|1 January 2012|
|7 April 2012|
I've finally opened up my wallet and started buying some plants for this year's garden. Two tomato plants, a San Marzano and a Park's Whopper, a Mucho Nacho jalapeno chile, a rosemary starter, and a variety of oregano named "Hot and Spicy". We have a small grow light setup for starting seeds where I can get my basil going soon.
This weekend's loaf was an experiment in using a bigger starter for the simple curiosity and fun of doing so. It appears to have worked out reasonably well and certainly tastes like it has.
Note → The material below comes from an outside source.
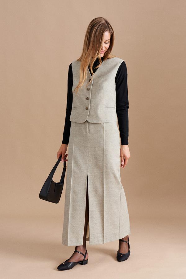 Юбка женская прямого силуэта на поясе. По переду функциональные карманы в боковых швах. В среднем шве юбки оформлен разрез от середины бедра до низа изделия. По спинке в среднем шве оформлен разрез, имитация прорезных карманов, вытачки. Длина изделия макси.

Somewhere in the blog machinery is a wrinkle that's causing me a great deal of frustration in trying to get the formula in a reasonable order for presentation. Bear with it for a while as I go back to the help pages to find out what I missed.
190g of 66% hydration starter
Main Dough: 267g bread flour 100g stone ground whole wheat flour 33g whole rye flour 280g water at 85F+ 15g for correction 10g kosher salt All of starter
I'm quite pleased with results in that I skipped soaking the whole grain flours and still managed to get a reasonable crumb structure. After using this method, it seems useful to try the liquid levain, or a 125% hydration starter for comparison.
The juncos have probably migrated north in that I haven't seem them around or beneath our feeding stations. There haven't been any goldfinches for a few days even though they are year round residents of the area. We still have plenty of chickadees, finches, pine siskins, sparrows, the occasional titmice, and my favorites, the woodpeckers.
The latest out of the ordinary, for me that is, page views came from Bulgaria and Japan.